Услыхав это, один из «товарищей» воскликнул:
– Как?! Заведующий санитарным отрядом? Я его знаю, я у него служил. Меня княгиня конфетами угощала.
Через полчаса я был опять дома. Репетиции наши возобновились; Чикаревскому нашли заместителя.
Это был интересный спектакль, в пользу бывших земских служащих, оказавшихся выкинутыми на улицу. Какие затруднения! Уже профессиональные союзы вмешивались, ставили свои требования. Красноармейцы стращали; моему камердинеру Дмитрию, который пошел служить в красноармейскую столовую, было заявлено: «Скажи князю, что если он на афише пропечатается князем, то будет арестован». Ходили слухи о том, что во время спектакля будет произведен поголовный обыск. За два дня до спектакля, как мне передавали, было заседание бывших земских служащих, чтобы решить, быть ли спектаклю или не быть, – такие носились зловещие слухи. Перед поднятием занавеса приходил ко мне Сладкопевцев, с которым окончательно установились хорошие отношения, просит меня не выходить на сцену: решено в меня яйцами кидать. (Вы видите, что дело было в такое время, когда яйца были еще дешевы.) Были ли слухи преувеличены или ввиду исключительной удачи спектакля не посмели вмешаться и прервать, только вечер прошел без задоринки, и единственное, что полетело на сцену, – пучок подснежников моей племяннице, изображавшей Куколку. Этот спектакль происходил в Народном доме – полторы тысячи человек зрителей. На генеральную репетицию привели из городских и пригородных школ больше полутора тысяч детей.
Из программы не могу не упомянуть три номера. Они действительно были удачны и могли быть показаны где угодно. Прежде всего «Живые куклы». Конечно, сколок с «Петрушки» Стравинского: у Куколки роман с Петрушкой, а Негр ревнует.
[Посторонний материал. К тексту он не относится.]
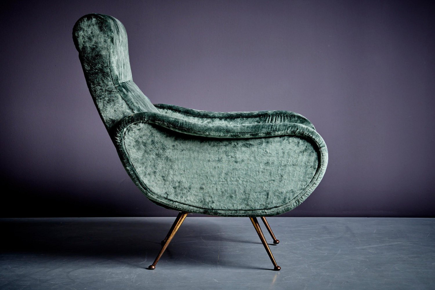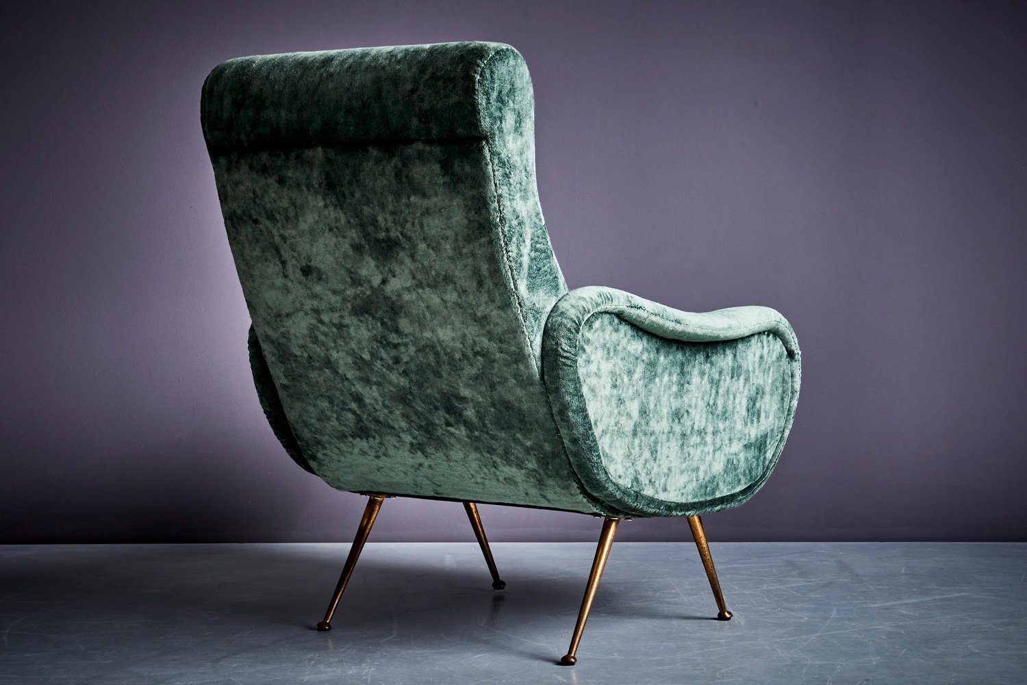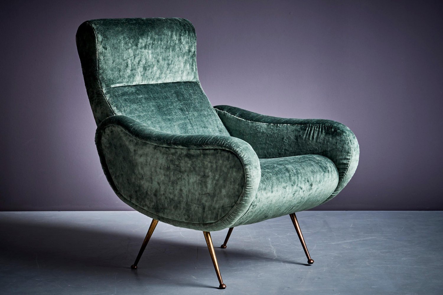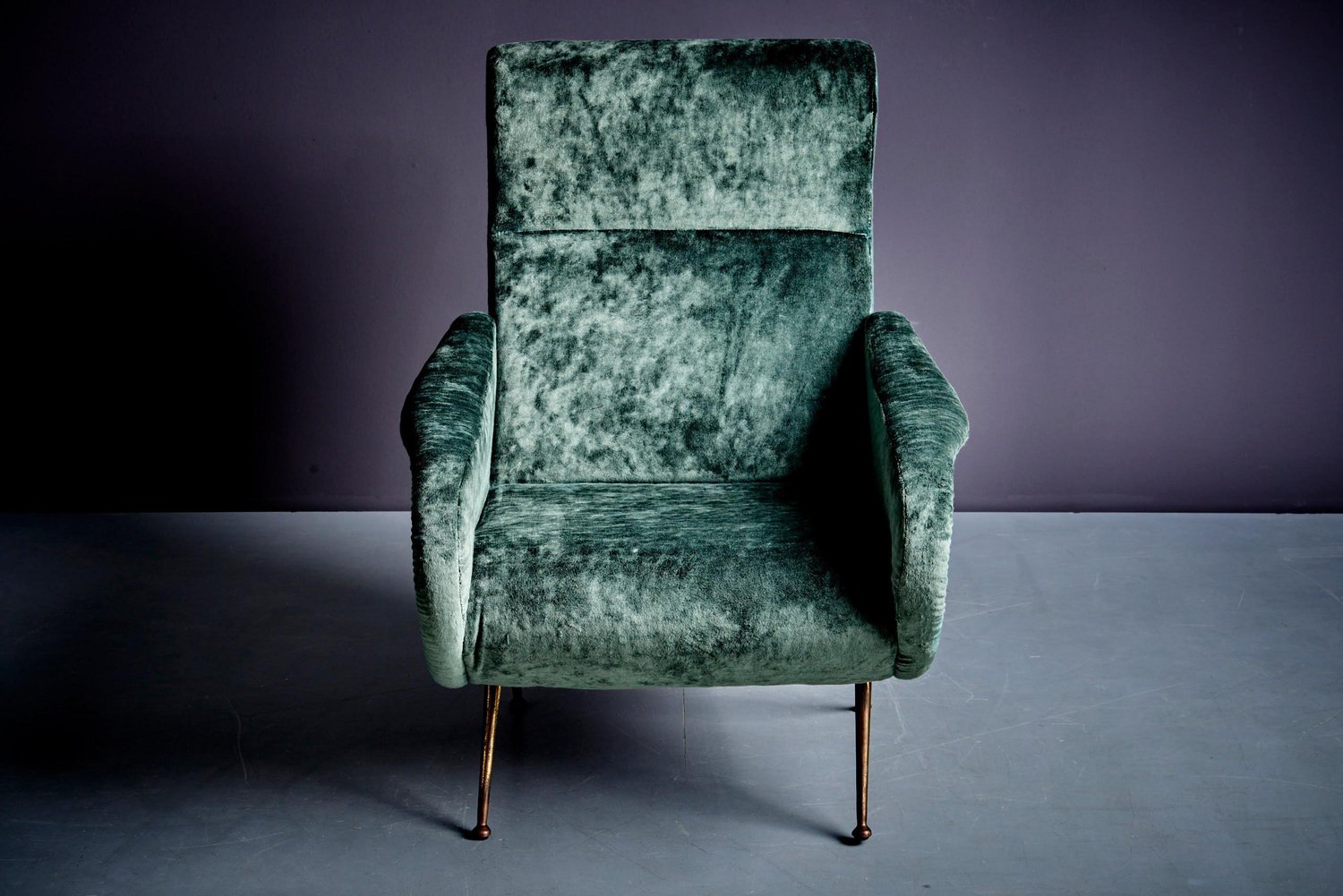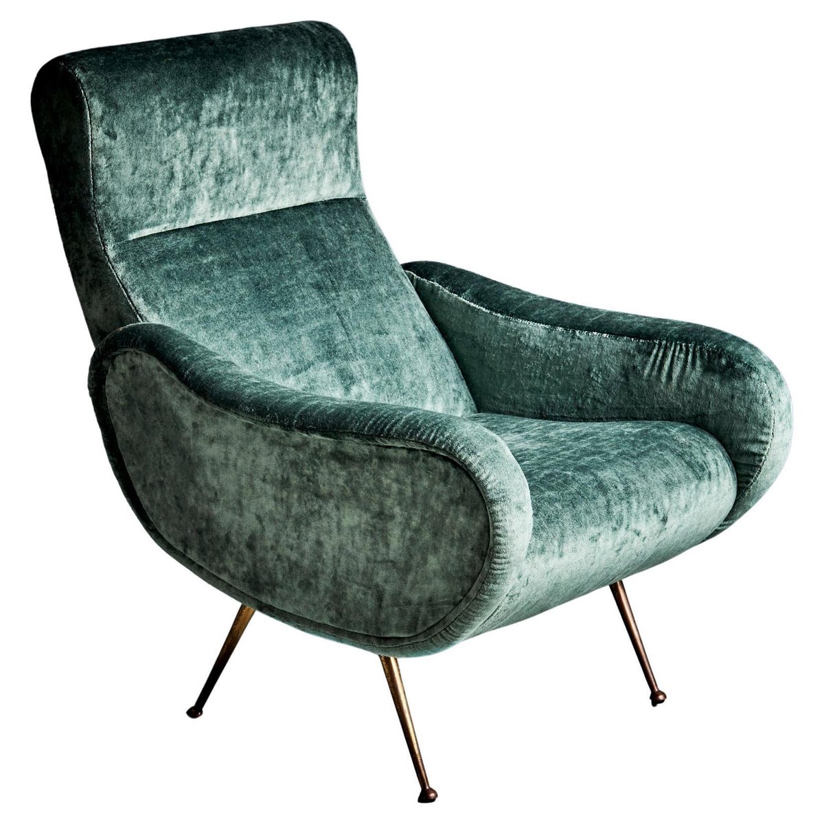 Poltrona in velluto verde nello stile di Marco Zanuso, anni '50

Они сперва появлялись на ящиках, под музыку «табакерки» дрыгали; иногда они увядали, тогда я вскакивал от фортепиано, кидался на сцену, заводил их ключом (за сценой в это время вертели трещотку), они выпрямлялись, музыка и пляска возобновлялись. Но вот начинаются «глазки» между Куклой и Петрушкой. Негр кипятится. Он очень живописен: шитый халат, чалма с павлиньими перьями, огромная кривая сабля. Понемногу страсти разгораются, они забывают, что должны изображать кукол; они сходят со своих мест, они моей команды не слушают. Я обращаюсь к публике, говорю, что утратил авторитет, и прошу разрешения «предоставить им полноту власти», хотя и не ручаюсь, что из этого выйдет. Начинается драма любви и ревности: преследование, сабля из ножен, валяние в ногах, распущенные волосы, бегство двух соперников за кулисы, отчаянная мимика Куколки, и наконец выходит Петрушка, спотыкаясь, едва передвигая ногами: у него конец сабли торчит из груди, а рукоятка из спины. Он падает к ногам возлюбленной. Плач неутешной подруги над трупом милого дружка. Но сквозь похоронный марш проступают, как капельки, нотки «табакерки»; она начинает подрыгивать, утирает слезки и, махнув публике платочком, припрыгивая уходит со сцены. Петрушка тоже просыпается от знакомых звуков, возвращается к жизни, поднимается и приплясывает вслед за ней. Негр – за ними. Все хорошо, что хорошо кончается. Все это было исполнено в строгом согласии каждого движения с музыкой, с безупречной ритмичностью. Успех был большой. Конечно, сказали, что относительно полноты власти это я подстроил, чтобы показать, что, переданная народу, власть ведет к убийству. Подстроил или не подстраивал – это другой вопрос, а ведет ли к убийству или не ведет – это опять другой вопрос. Но во время спектакля вопросов не решали, а от души смеялись: эстетика победила политику…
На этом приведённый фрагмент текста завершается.